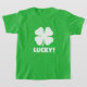 Camisa verde de Dia de São Patrício de trevo para crianças. Logotipo de shamrock grande com texto personalizado. Tchau divertido para garotinho ou garota. Personalize com seu próprio nome ou citação engraçada.
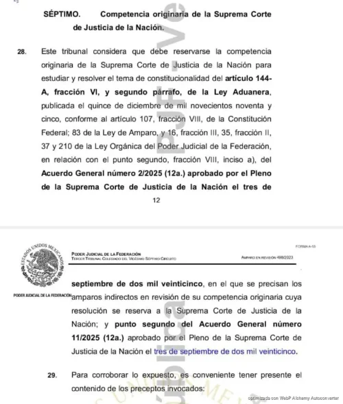El proceso llegó al máximo tribunal luego de que el Tercer Tribunal Colegiado del Vigésimo Séptimo Circuito, con sede en Cancún, determinara que corresponde a la SCJN revisar el tema de constitucionalidad relacionado con el artículo 144 A, fracción VI, de la Ley Aduanera.
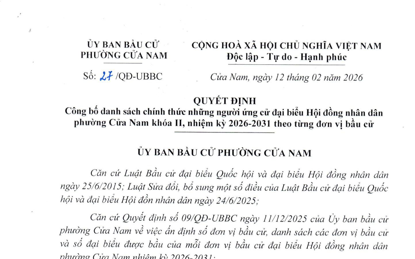 Ủy ban Bầu cử phường Cửa Nam đã ban hành Quyết định số 27/QĐ-UBBC ngày 12/02/2026 về việc công bố danh sách chính thức những người ứng cử đại biểu HĐND phường Cửa Nam khóa II, nhiệm kỳ 2026–2031 theo từng đơn vị bầu cử
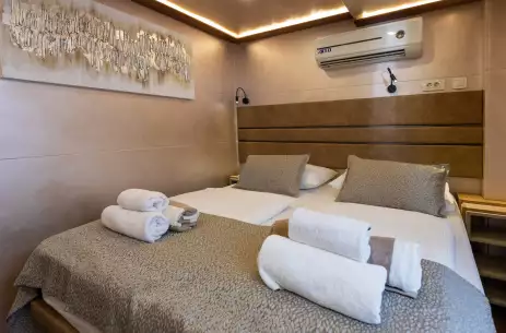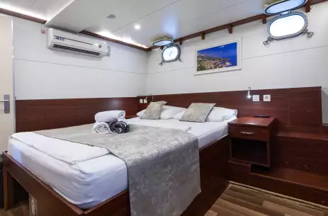 This cosy cabin opens out onto the Main Deck and features a flat-screen TV, individual controlled air conditioning, en suite bathroom with walk-in shower and a porthole window.
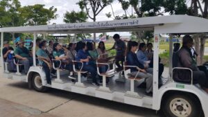 วันที่ 30 สิงหาคม พ.ศ. 2566 โครงการศึกษาวิจัยและพัฒนาสิ่งแวดล้อมแหลมผักเบี้ยอันเนื่องมาจากพระราชดำริ ได้ต้อนรับคณะศึกษาดูงานจากสำนักวิจัยและพัฒนาการป่าไม้ กรมป่าไม้ กระทรวงทรัพยากรธรรมชาติและสิ่งแวดล้อม ได้นำผู้เข้าร่วมอบรมเชิงปฏิบัติการหลักสูตรการเสริมสร้างและพัฒนาศักยภาพงานวิจัยด้านป่าไม้ เข้าร่วมศึกษาดูงาน จำนวน 54 คน ซึ่งทางโครงการฯ ได้ให้ความรู้เกี่ยวกับการบำบัดน้ำเสียและการกำจัดขยะชุมชน โดยใช้หลักของธรรมชาติช่วยธรรมชาติ ตามแนวพระราชดำริ พร้อมกันนี้ได้นั่งรถชมพื้นที่การดำเนินงานของโครงการฯ พร้อมศึกษาระบบนิเวศป่าชายเลนของโครงการฯ
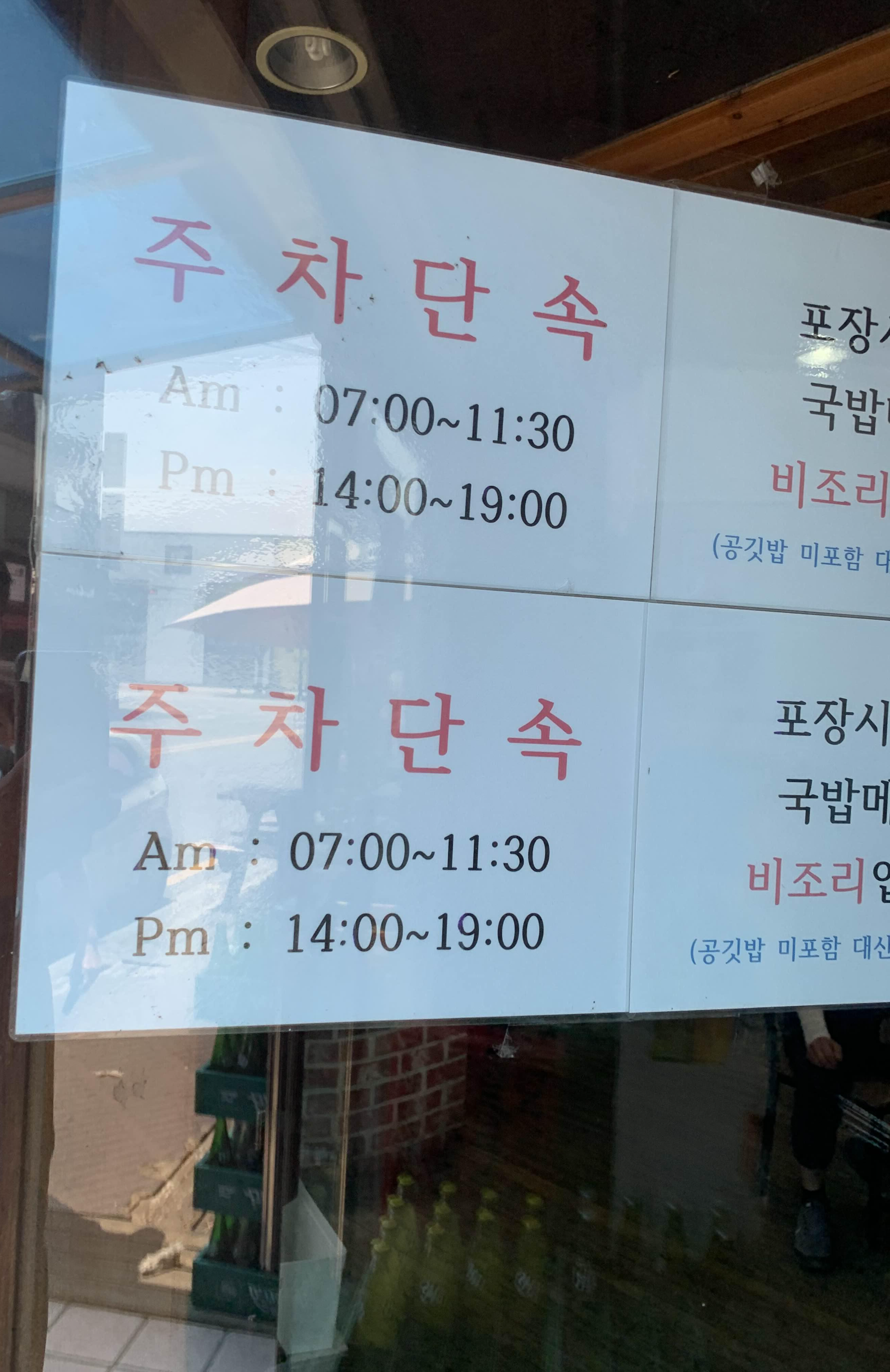 근처 불법주차로 인한, 안내문이 식당 출입구에 붙어 있더군요.ㅎㅎ
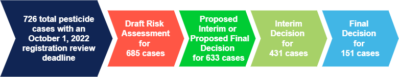 The U.S. Environmental Protection Agency (EPA) is sharing an update on its progress in meeting the Oct. 1, 2022, Federal Insecticide, Fungicide, and Rodenticide Act (FIFRA) pesticide registration review deadline for the 726 pesticide cases registered before October 2007. Pesticides without finalized review as of this deadline can remain on the market and be used according to the product label. EPA affirms its aggressive plan to review all remaining pesticide cases and issue decisions to protect humans, endangered species, and the environment, while providing pesticide users with predictability about the legal status of pesticides in registration review.
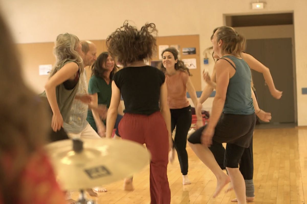 Formée par la chorégraphe Elsa Wolliaston, Aurélia Fradin transmet une dizaine de danses où la répétition du geste est centrale. Les danses prennent leurs sources dans les cultures rituelles africaines, irriguées par d’autres influences notamment asiatiques. Cette gestuelle ouvre à une palette de sensations : ancrage, axe, rebonds, vibrations dans le sternum, mobilité du bassin, ondulation de la colonne vertébrale, envol. Avec Gwenaëlle Chastagner Angei, à la batterie, le binôme donne à vivre cette pratique avec générosité, créativité et joie.
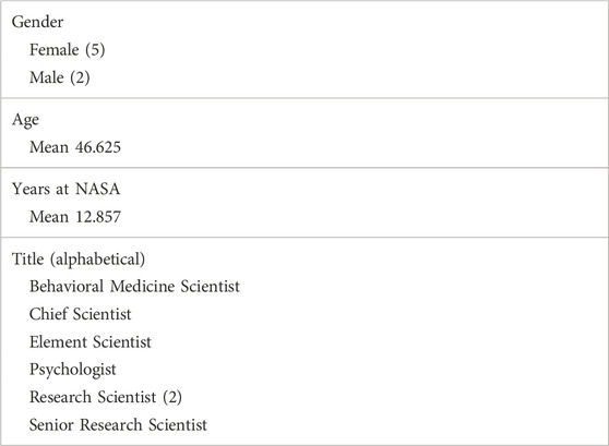 This study excluded the previously published data on the single NASA leader and includes the data from seven additional NASA leaders. Table 1 presents the demographic information of these participants.
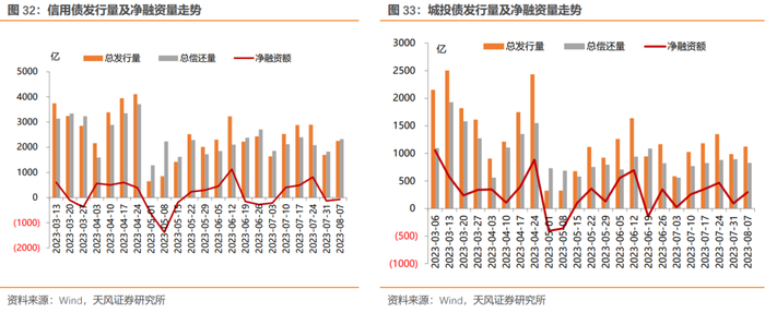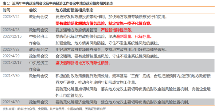政治局会议提出“制定实施一揽子化债方案”提振市场情绪。“遏制增量、化解存量”是2018年隐性债务认定以来,中央对于隐性债务一以贯之的政策,这一点,在历次政治局会议和中央经济工作会议中都有所体现。7月的政治局会议在“化解存量”的表述上,进一步扩展为“制定实施一揽子化债方案”,我们认为这意味着未来可能还将安排一系列政策,包括再融资债等方式化解存量隐性债务。积极的表态,对于市场情绪起到了非常明显的提振作用。
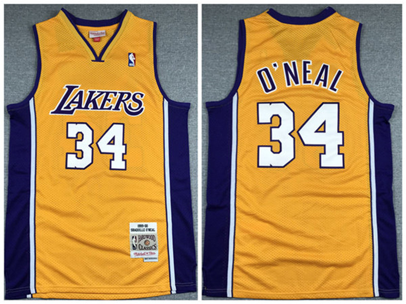 Men's Los Angeles Lakers #34 Shaquille O'Neal Gold 1999-00 Throwback Stitched Jersey
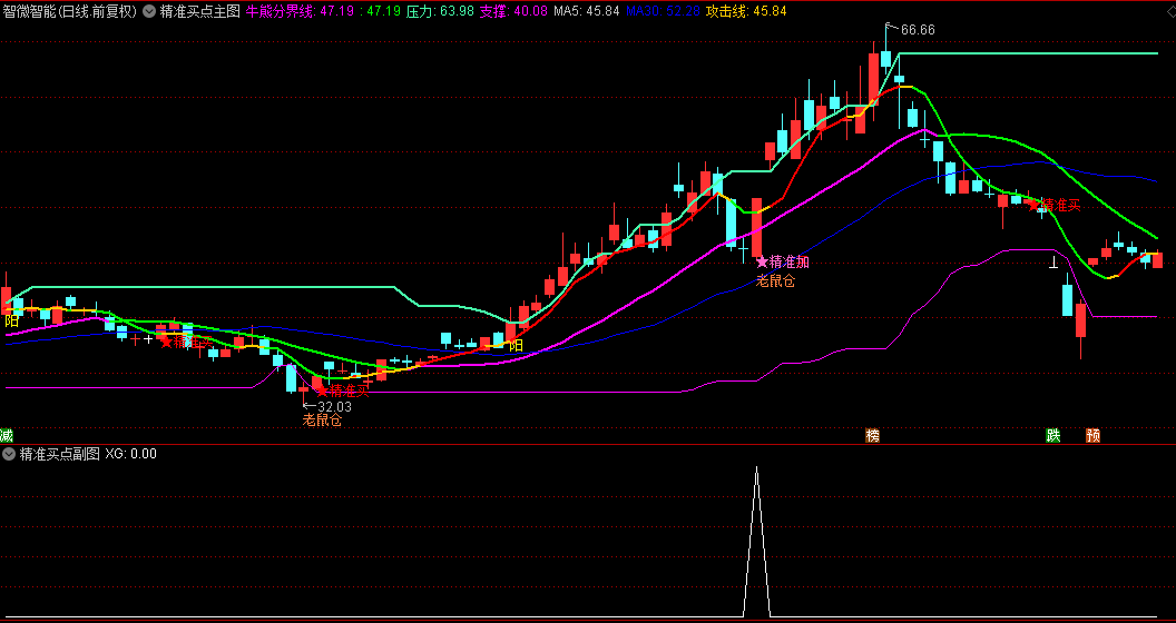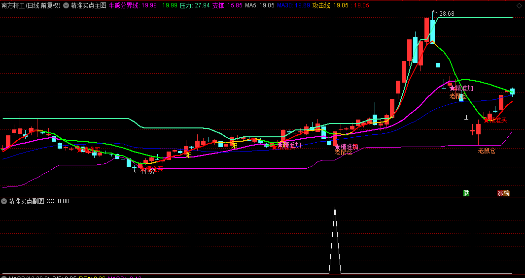为了更精准地判断,我们结合了“老鼠仓”和“精准买”两个抄底指标,只有当它们同时出现时,我们才更有信心确认底部。
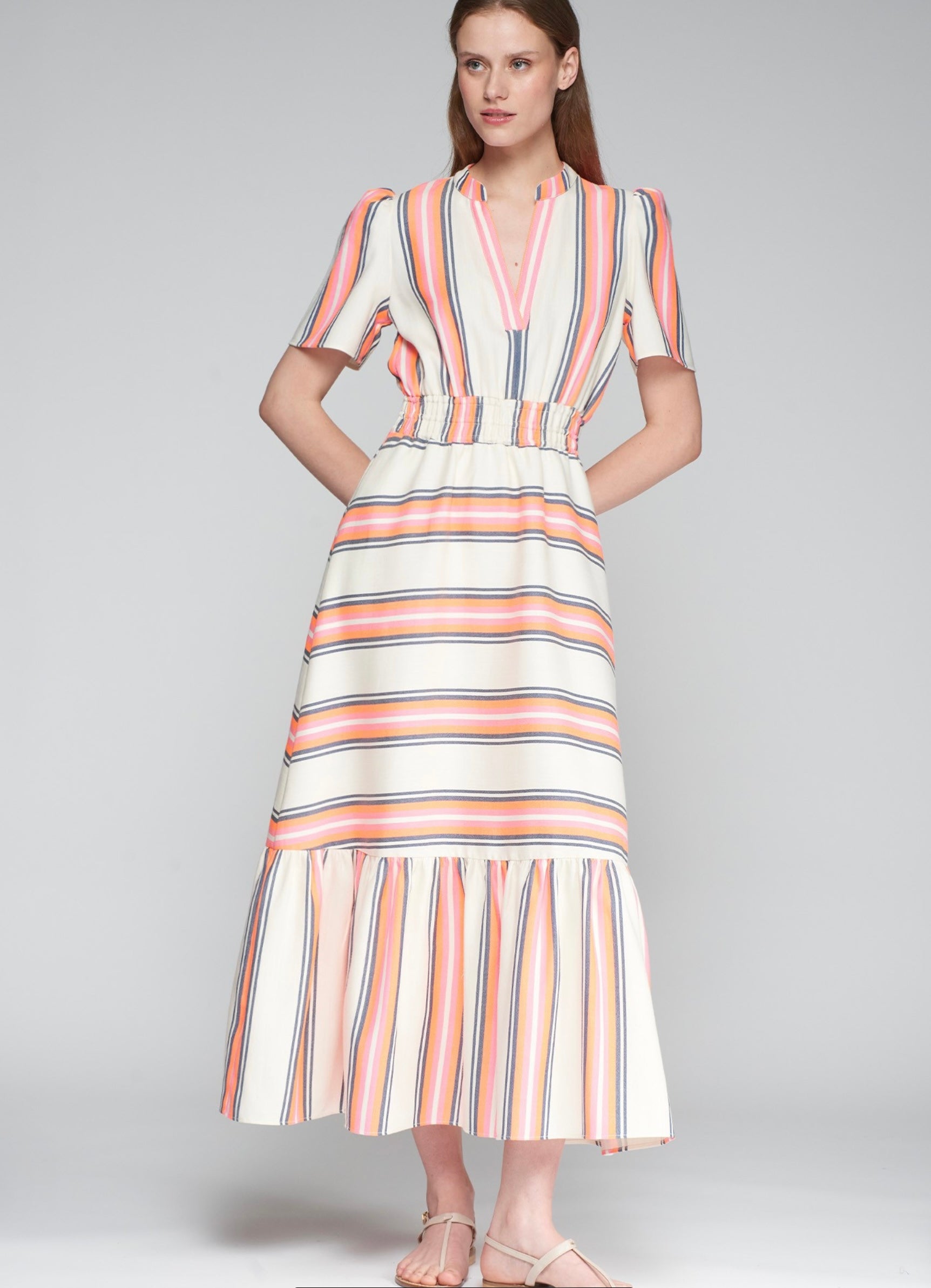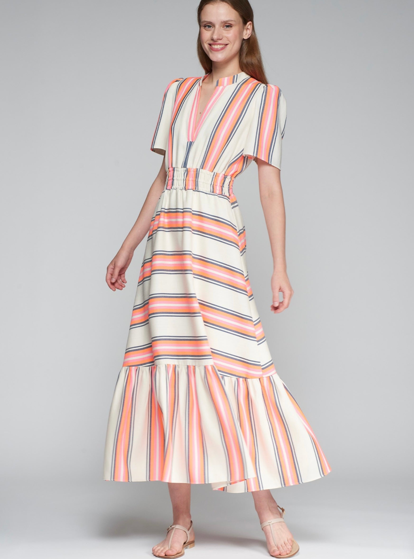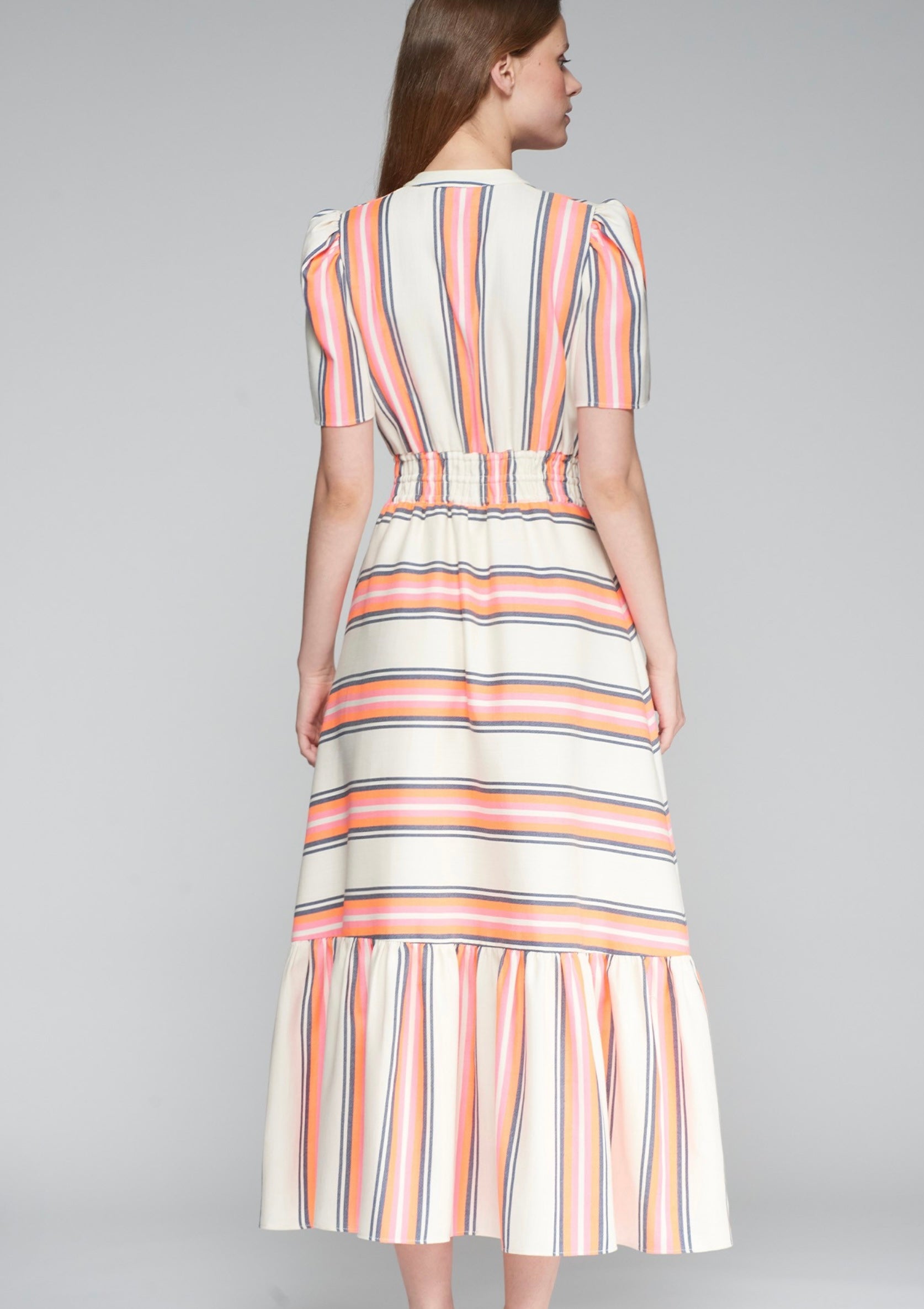 Dress with stripes in fluorescent and navy blue tones. Neckline with V opening. Elastic waist. Short puffed sleeves. The model is 1.79 and wears size 38.
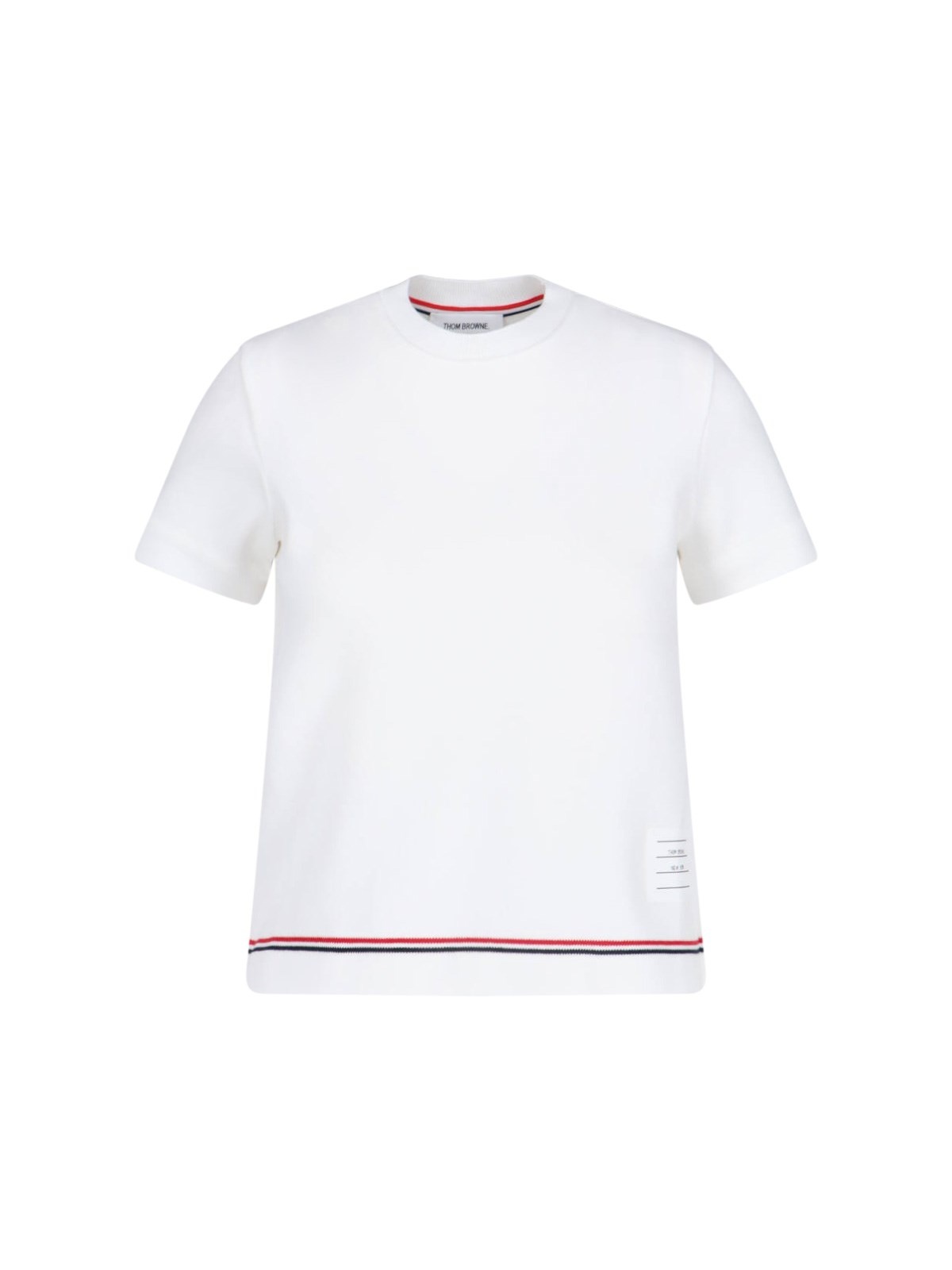 THOM BROWNE LOGO T-SHIRT IN WHITE COTTON WITH RED AND BLUE STRIPED TRIM, CREWNECK, SHORT SLEEVES, SIDE LOGO LABEL, TRICOLOR GROSS GRAIN LOGO LABEL ON THE BACK, AND STRAIGHT HEM. PRODUCT INFO PRODUCT CODE FJS193A J0185100 COMPOSITION: 95% COTTON, 5% ELASTANE SIZE AND FIT: REGULAR FIT MADE IN: ITALY

_Try it_
Transcribe each line above exactly, pictures excluded.

_Exercise output_
 Camisa verde de Dia de São Patrício de trevo para crianças. Logotipo de shamrock grande com texto personalizado. Tchau divertido para garotinho ou garota. Personalize com seu próprio nome ou citação engraçada.
El proceso llegó al máximo tribunal luego de que el Tercer Tribunal Colegiado del Vigésimo Séptimo Circuito, con sede en Cancún, determinara que corresponde a la SCJN revisar el tema de constitucionalidad relacionado con el artículo 144 A, fracción VI, de la Ley Aduanera.
 Ủy ban Bầu cử phường Cửa Nam đã ban hành Quyết định số 27/QĐ-UBBC ngày 12/02/2026 về việc công bố danh sách chính thức những người ứng cử đại biểu HĐND phường Cửa Nam khóa II, nhiệm kỳ 2026–2031 theo từng đơn vị bầu cử
 This cosy cabin opens out onto the Main Deck and features a flat-screen TV, individual controlled air conditioning, en suite bathroom with walk-in shower and a porthole window.
 วันที่ 30 สิงหาคม พ.ศ. 2566 โครงการศึกษาวิจัยและพัฒนาสิ่งแวดล้อมแหลมผักเบี้ยอันเนื่องมาจากพระราชดำริ ได้ต้อนรับคณะศึกษาดูงานจากสำนักวิจัยและพัฒนาการป่าไม้ กรมป่าไม้ กระทรวงทรัพยากรธรรมชาติและสิ่งแวดล้อม ได้นำผู้เข้าร่วมอบรมเชิงปฏิบัติการหลักสูตรการเสริมสร้างและพัฒนาศักยภาพงานวิจัยด้านป่าไม้ เข้าร่วมศึกษาดูงาน จำนวน 54 คน ซึ่งทางโครงการฯ ได้ให้ความรู้เกี่ยวกับการบำบัดน้ำเสียและการกำจัดขยะชุมชน โดยใช้หลักของธรรมชาติช่วยธรรมชาติ ตามแนวพระราชดำริ พร้อมกันนี้ได้นั่งรถชมพื้นที่การดำเนินงานของโครงการฯ พร้อมศึกษาระบบนิเวศป่าชายเลนของโครงการฯ
 근처 불법주차로 인한, 안내문이 식당 출입구에 붙어 있더군요.ㅎㅎ
 The U.S. Environmental Protection Agency (EPA) is sharing an update on its progress in meeting the Oct. 1, 2022, Federal Insecticide, Fungicide, and Rodenticide Act (FIFRA) pesticide registration review deadline for the 726 pesticide cases registered before October 2007. Pesticides without finalized review as of this deadline can remain on the market and be used according to the product label. EPA affirms its aggressive plan to review all remaining pesticide cases and issue decisions to protect humans, endangered species, and the environment, while providing pesticide users with predictability about the legal status of pesticides in registration review.
 Formée par la chorégraphe Elsa Wolliaston, Aurélia Fradin transmet une dizaine de danses où la répétition du geste est centrale. Les danses prennent leurs sources dans les cultures rituelles africaines, irriguées par d’autres influences notamment asiatiques. Cette gestuelle ouvre à une palette de sensations : ancrage, axe, rebonds, vibrations dans le sternum, mobilité du bassin, ondulation de la colonne vertébrale, envol. Avec Gwenaëlle Chastagner Angei, à la batterie, le binôme donne à vivre cette pratique avec générosité, créativité et joie.
 This study excluded the previously published data on the single NASA leader and includes the data from seven additional NASA leaders. Table 1 presents the demographic information of these participants.
政治局会议提出“制定实施一揽子化债方案”提振市场情绪。“遏制增量、化解存量”是2018年隐性债务认定以来,中央对于隐性债务一以贯之的政策,这一点,在历次政治局会议和中央经济工作会议中都有所体现。7月的政治局会议在“化解存量”的表述上,进一步扩展为“制定实施一揽子化债方案”,我们认为这意味着未来可能还将安排一系列政策,包括再融资债等方式化解存量隐性债务。积极的表态,对于市场情绪起到了非常明显的提振作用。
 Men's Los Angeles Lakers #34 Shaquille O'Neal Gold 1999-00 Throwback Stitched Jersey
为了更精准地判断,我们结合了“老鼠仓”和“精准买”两个抄底指标,只有当它们同时出现时,我们才更有信心确认底部。
 Dress with stripes in fluorescent and navy blue tones. Neckline with V opening. Elastic waist. Short puffed sleeves. The model is 1.79 and wears size 38.
 THOM BROWNE LOGO T-SHIRT IN WHITE COTTON WITH RED AND BLUE STRIPED TRIM, CREWNECK, SHORT SLEEVES, SIDE LOGO LABEL, TRICOLOR GROSS GRAIN LOGO LABEL ON THE BACK, AND STRAIGHT HEM. PRODUCT INFO PRODUCT CODE FJS193A J0185100 COMPOSITION: 95% COTTON, 5% ELASTANE SIZE AND FIT: REGULAR FIT MADE IN: ITALY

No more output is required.